リンクのビデオで1時間5分くらいから、日本の三者(アジ美、アーティストの武谷大介さん、日本国際パフォーマンスアートフェスティバル=NIPAFの霜田誠二さん)からのメッセージを、国立ギャラリーの堀川理沙さんが代読しているのを見ることがきます。霜田さんがよせたメッセージ(長い…)で、彼が1995年のNIPAFに招待する東南アジア作家をらーさん(当時福岡市美術館)に照会、らーさんはそのときに東京にいたタン・ダウを紹介、しかし霜田さんに会ったダウは、自分はもう日本に何回も来ているからということで若手作家として紹介されたのがリー・ウェンだったことがわかります(らーさんは覚えてませんでした)。ちなみにこのNIPAFでのリー・ウェンのパフォーマンス「ゴーストストーリー」はらーさんも見に行ってます。写真記録が手元になく確認できませんが、骸骨のような不気味なペイントをしたものだったと思います。いっしょに見ていた藤浩志さんが「リー・ウェン、なんかかわいかったですね」と言ったことだけ妙に覚えているそうです。

 霜田さんも上記メッセージでふれてますが、このブログでリー・ウェンをアジア美術の「英雄時代」を築いたひとりと書きました。この言葉が適切かどうかわかりませんが、1990年代前半は、80年代後半に中国や東南アジア各地で、「西洋の様式とアジアの題材・伝統」という折衷的モダニズムを乗り越える地殻変動が美術に起こり、シンガポールではタン・ダウ、リー・ウェン、アマンダ・ヘン、インドネシアでヘリ・ドノ、ダダン・クリスタント、タイでモンティエン・ブンマー、ナウィン・ラワンチャイクン、チャーチャーイ・プイピア、マレーシアでタン・チンクアン、ウォン・ホイチョンが国際交流基金(美術前線北上中 東南アジアのニューアート、1992年)や福岡市美術館(第4回アジア美術展、1994年)などで紹介されていった時代です。(ちなみにこのふたつの展覧会の間には、ミュージアム・シティ・プロジェクトと三菱地所アルティアムによる「非常口 中国前衛美術家展」という、アジア現代美術の概念を決定的に変えてしまった驚異的な展覧会が福岡で開かれています。)これらの新傾向は、大掛かりなインスタレーション(およびパフォーマンス)+政治社会的テーマ+民族的伝統の結合による、今の目で見ればかなり粗削りであったものの、国際展への機会もマーケットも行政機関や企業からのコミッションもない時代(自由な表現が許されないところを含む)に、「受け手/観客」が未成熟な時代に、とにかくやりたいことにチャレンジする内発的実験精神(らーさんがよく使う谷川雁のいう「初発のエネルギィ」)を爆発させていき、それが各作家個人のみならずアジア美術の国際的な認知につながったことにおいて「英雄的」であったのです。
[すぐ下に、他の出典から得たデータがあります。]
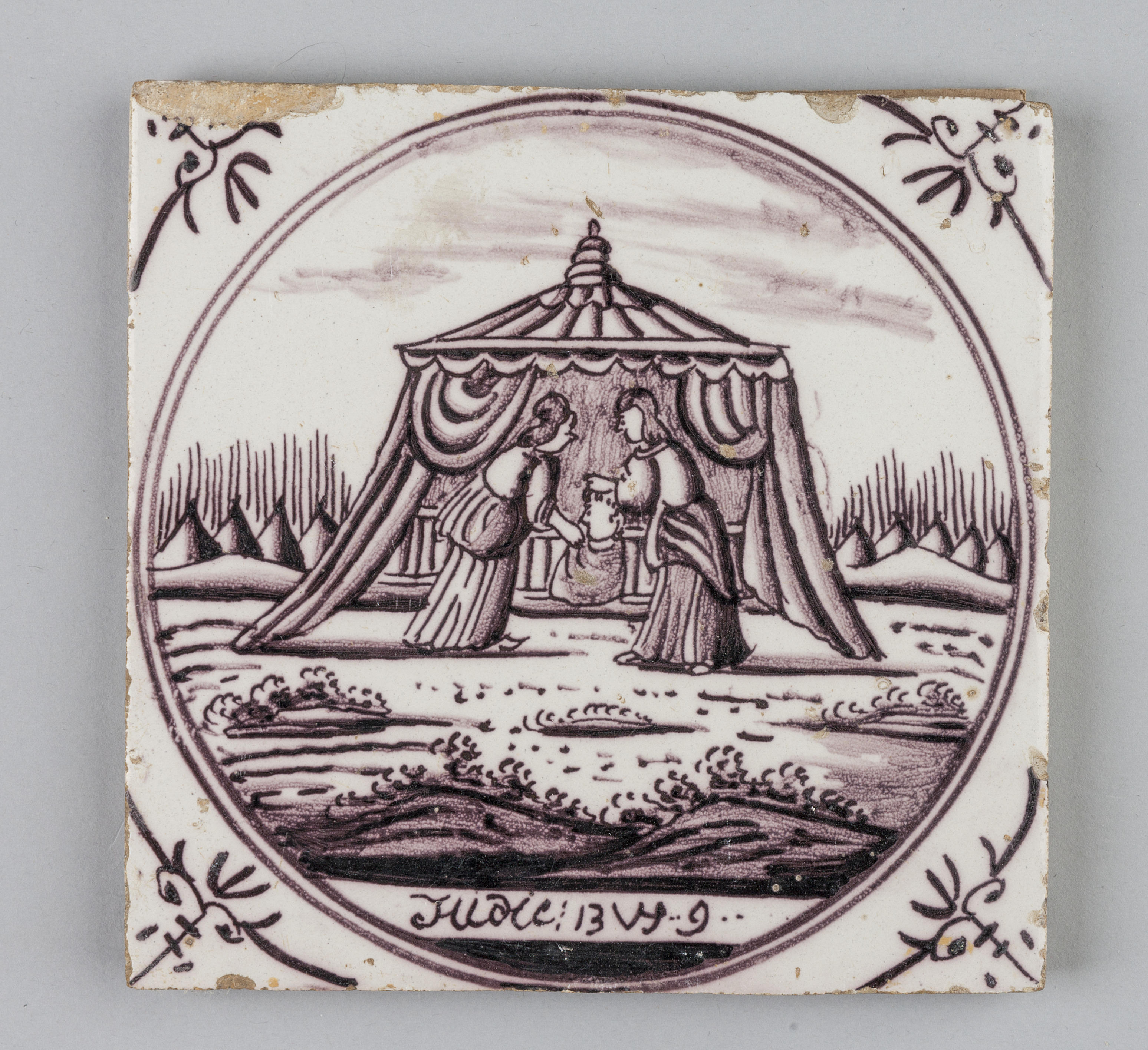 Historie in cirkel (Judith stopt het hoofd van Holofernes in een zak, Judit 13:9, 10a); mangaanpaars; hoekmotief: ossenkop. Op de afbeelding is te zien dat Judith en het dienstmeisje het hoofd in een zak stoppen. Achter hen staat een tent. Het onderschrift luidt: ‘Judit : 13 V 7 – 9’.
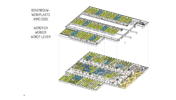 Binnen het industriële historische pand van de Bovenbouwwerkplaats worden woon- en werkunits voorgesteld. De nieuwe creatievelingen kunnen hier hun gang gaan, wonen en werken en dus leven in één gebouw. Het oud-industriële karakter van de Bovenbouwwerkplaats is voelbaar in de woon-werkunits door de overweldigende stalen constructie spanten, het zadeldak met de lichtbeuk. Deze elementen en de extra hoogte van de verdiepingen brengt een zeer ruimtelijk effect met zich mee. De units op de begane grond zijn 30m2 en op de tweede verdieping 50m2. De units kunnen horizontaal en verticaal geschakeld worden, zoals een tetrismodel. De flexibele indeling geeft ruimte om te wonen én te werken binnen de Bovenbouwwerkplaats (in aparte of aan elkaar geschakelde ruimten). Dit is de unieke kans voor kleine ondernemingen, start-ups en ZZP’ers om hun eigen ideale leefomgeving te creëren. Door deze flexibele indeling kan fantasie de vrije loop worden gelaten. Een grote leefkeuken, wellness ruimte of een mooie loft als woning. Het kan allemaal door het schakelen in units!
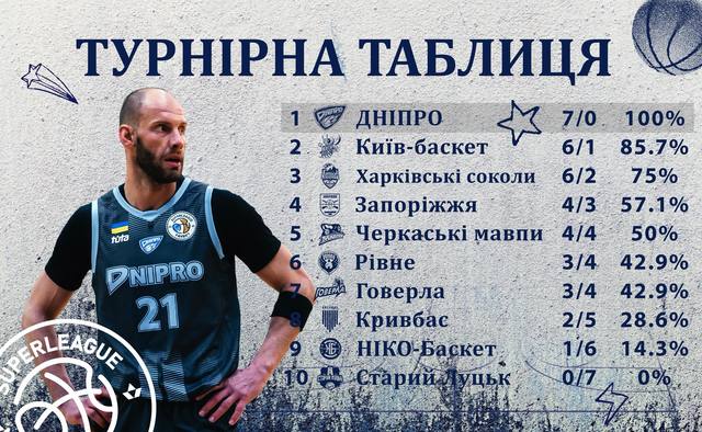 Киев-Баскет, проиграв Соколам, опустился на вторую строчку. Соколы с шестью победами в восьми матчах идут третьими. Замыкает таблицу пока не побеждавший Луцк.
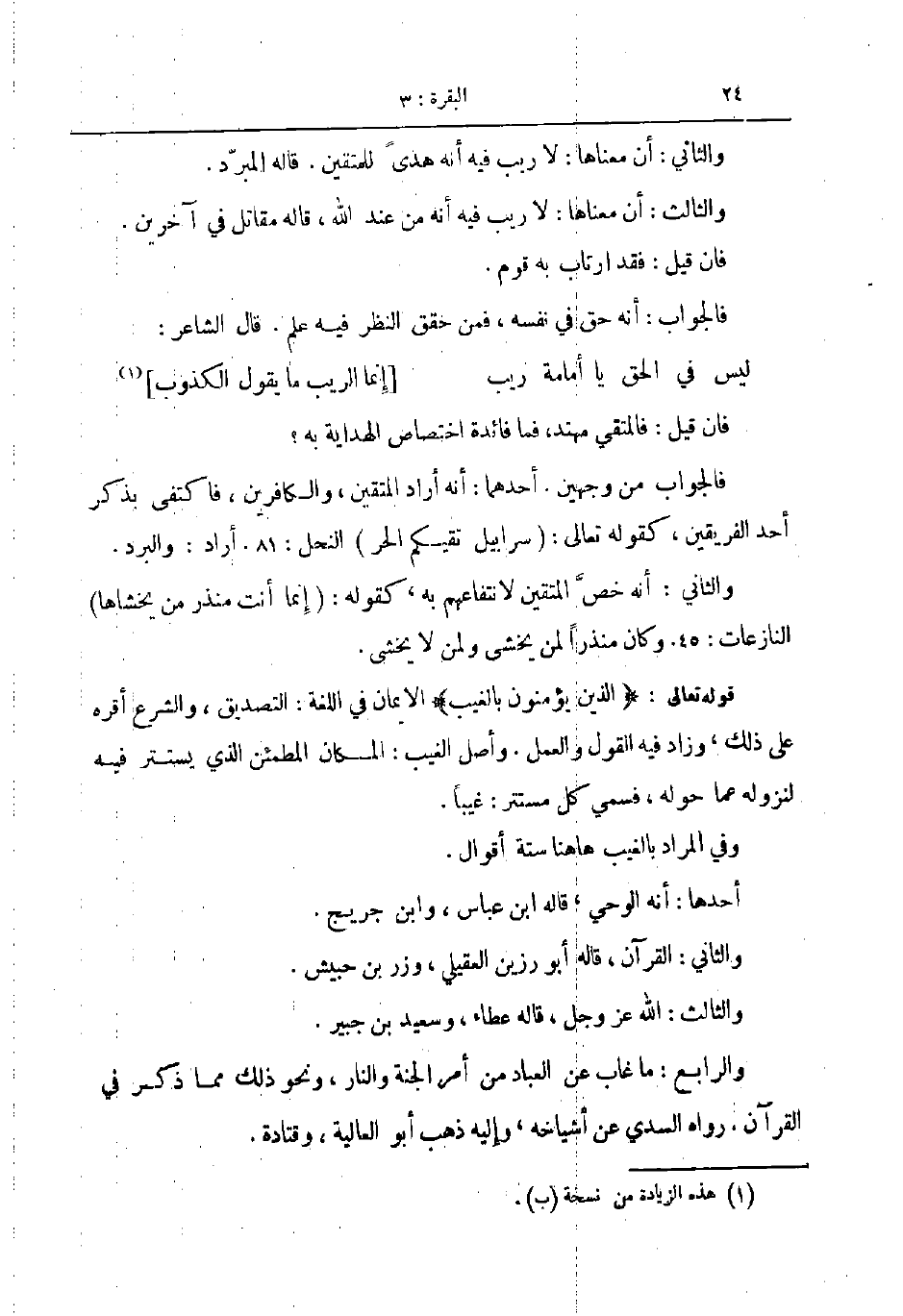 قوله تقالى الذين يؤمنون بالغيب الايمان في اللغة التصديق والشرع أقره على ذلك وزاد فيه القول والعمل وأصل الغيب المكان المطمئن الذي يستتر فيه لنزوله عما حوله فسمي كل مستتر غيبا

 この時代に国際舞台に乗り出した作家たちのなかには、絶えず作品を進化・発展・成熟させていった作家たちだけでなく、今や制作をやめてしまったり、美術市場向けのブランド作品を繰り返したり、国際展や行政機関や美術館からの期待を満たすだけの作品を作っている作家もいるでしょう。しかし、先にふれたように、リー・ウェンは国内外から高い評価を受けるようになっても、造形作家(身体や空間利用を含む)としての作り込み、言葉による思考、人間の自由を束縛する制度への問いかけ、国内の若手支援や国際的なネットワークやアーカイブによる共有・連帯や歴史的継承の使命を最後まで貫いた作家だと思います。思想と行動の両面での一貫性と、このような使命感ゆえにこそ、リー・ウェンは「あの(英雄)時代」だけでなく、今日、そして未来にも、もはや「英雄」としてでなく、ひとりのアーティストとして生き続けることでしょう。